Developing a precise and data-efficient pronunciation training system for English learners using advanced self-supervised learning models.

Abstract

This project addresses the critical need for effective and scalable pronunciation training tools for language learners. We developed a novel system that moves beyond traditional speech recognition by focusing on granular phoneme-level analysis. The core of this system is a transformer-based foundational audio model, specifically wav2vec 2.0, which was fine-tuned to predict duration-aware phoneme sequences. This innovative approach significantly reduces the need for extensive labeled datasets, enabling highly accurate mispronunciation detection and the provision of personalized, actionable feedback to users. The resulting system offers a powerful and efficient solution for AI-powered language education.

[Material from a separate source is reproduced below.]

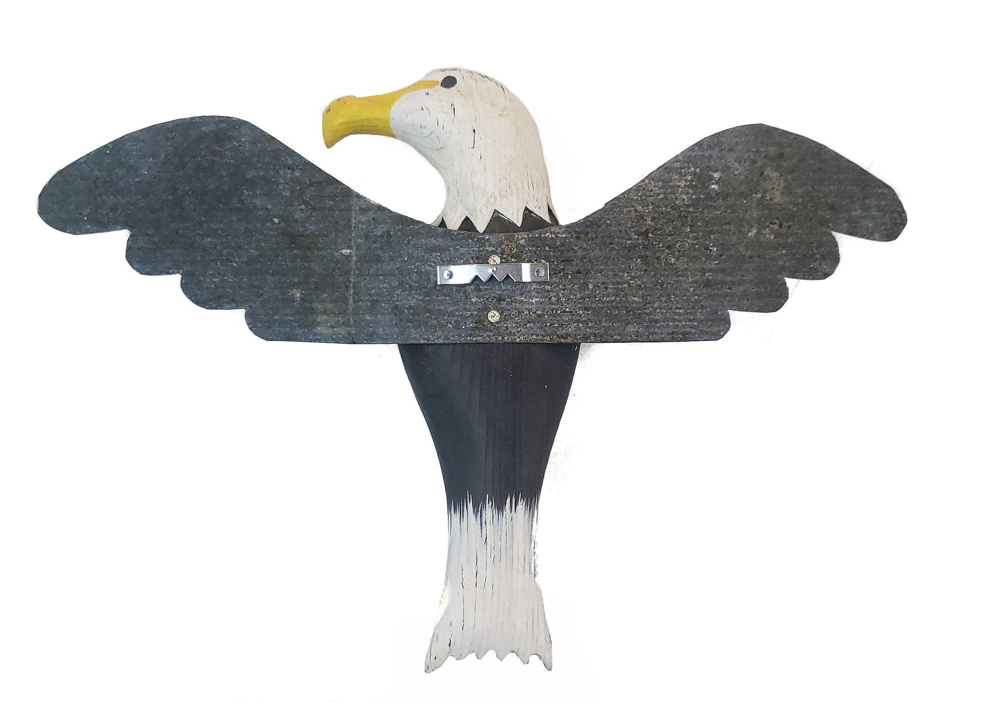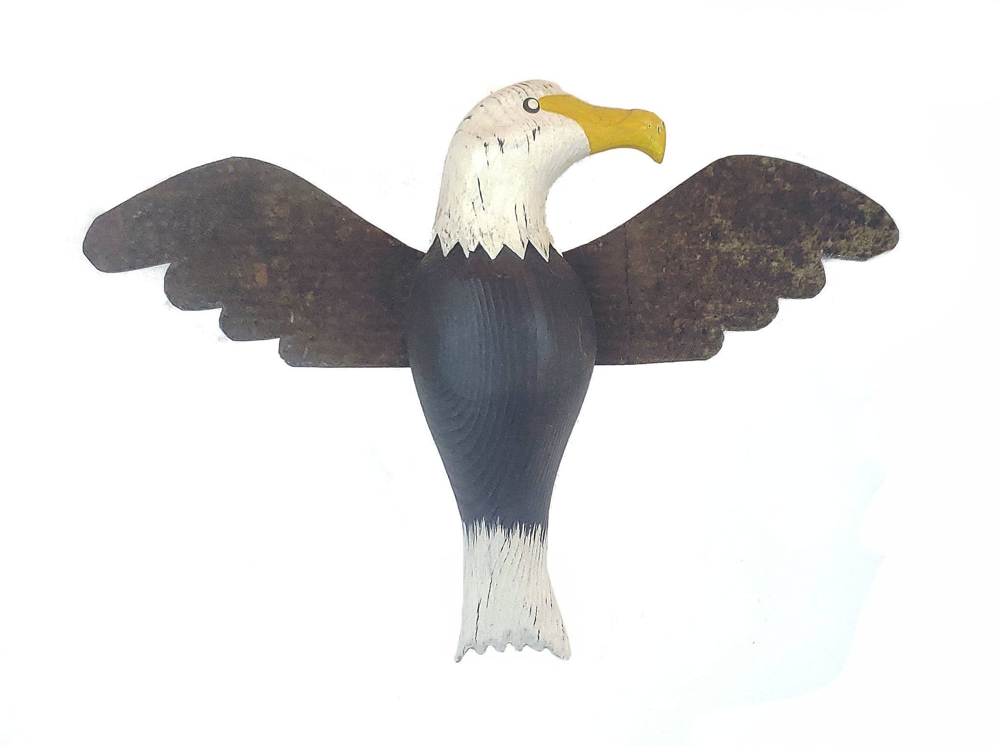 Hand carved and hand painted Eagle. Carved from sustainably harvested and locally sourced Atlantic White Cedar, with up-cycled, salvaged tin wings from their Virginia farm.

  • Key Technologies & Concepts: Transformer Models (Wav2Vec), Fine-tuning, Self-supervised Learning, Speech Representation Learning, AI in Education

Methodology & Approach

Our methodology centered on the adaptation of a pre-trained, self-supervised audio model. By fine-tuning the wav2vec architecture, we taught the model to align a user’s speech with the expected sequence and duration of phonemes. Unlike standard speech-to-text systems that simply transcribe words, our model predicts a structured sequence of phonemes, including their temporal boundaries. This granular, duration-aware prediction allows the system to pinpoint exactly where a mispronunciation occurs—whether it’s a substitution, omission, or an incorrect duration of a specific sound—and to provide highly targeted feedback.

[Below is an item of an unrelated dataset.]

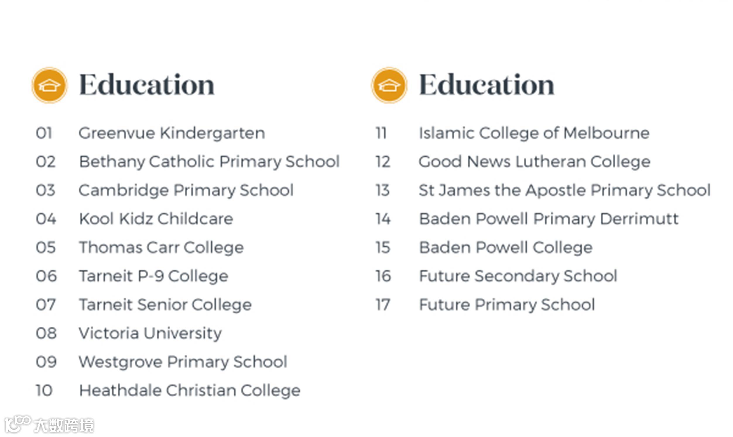 墨尔本西区Werribee将建造一个大学城,预计斥资300亿澳元,计划容纳8万居民,为4万学生提供从中学到职业教育到大学的优质教育。Werribee区还设有维多利亚分校和墨尔本大学。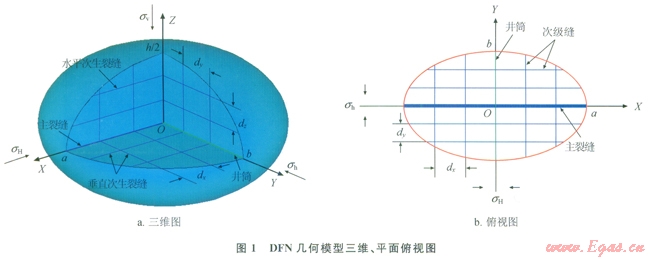 DFN模型基本假設如下:①壓裂改造體積為2a×2b×h的橢球體,由直角坐標系XYZ表征,X軸平行于最大水平主應力(sH)方向,Y軸平行于最小水平主應力(sh)方向,Z軸平行于垂向應力(sv)方向;②包含一條主裂縫及多條次生裂縫,主裂縫垂直于sh方向,在X-Z平面內擴展,次生裂縫分別垂直于X、Y、Z軸,縫間距分別為dx、dy、dz;③考慮縫間十擾及壓裂液濾失;④地層及流體不可壓縮。基于以上假設,作出DFN模型幾何模型的示意圖(圖1)。

Model Pipeline Alignment v11

Model Pipeline of the Pronunciation System

Speech Sample

Raw speech audio

Wav2Vec2 Feature Extractor

Context Representations

Self-supervised learning

PCA Dimension Reduction

High-dim to 2D

Frame Classifier

K-Nearest Neighbors

Probability Matrix

Grouping Frames from Probability Matrix

D

0.8

OW

0.84

N

0.86

T

0.92

AE

0.98

S

1.0

K

1.14

M

1.24

IY

1.32

Sentence: "Don't ask me"

1. Self-Supervised Feature Extraction (wav2vec2 fine-tuned with CTC)

The pipeline begins with a pretrained wav2vec2 model (trained across 53 languages), which is further fine‑tuned on phoneme recognition using a CTC (Connectionist Temporal Classification) loss. This yields contextual frame-level phonetic representations without explicit force-alignment input.

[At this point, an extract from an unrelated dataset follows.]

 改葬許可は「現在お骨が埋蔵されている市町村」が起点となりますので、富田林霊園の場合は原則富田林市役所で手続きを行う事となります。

2. Feature Reduction via PCA

High-dimensional embeddings from the last hidden layer of wav2vec2 are passed through Principal Component Analysis (PCA) to reduce dimensionality while retaining most of the variance. This step ensures efficient downstream processing and reduces model complexity.


3. Frame-Level Phoneme Classification

Reduced embeddings are classified using a frame-level phoneme classifier, trained with forced-alignment labels (generated by tools like the Montreal Forced Aligner). This classifier learns to assign phoneme classes to each audio frame.


4. Probability Vectors per Frame

Each audio frame is represented as a probability distribution over phoneme classes, resulting in a probability vector for every time step.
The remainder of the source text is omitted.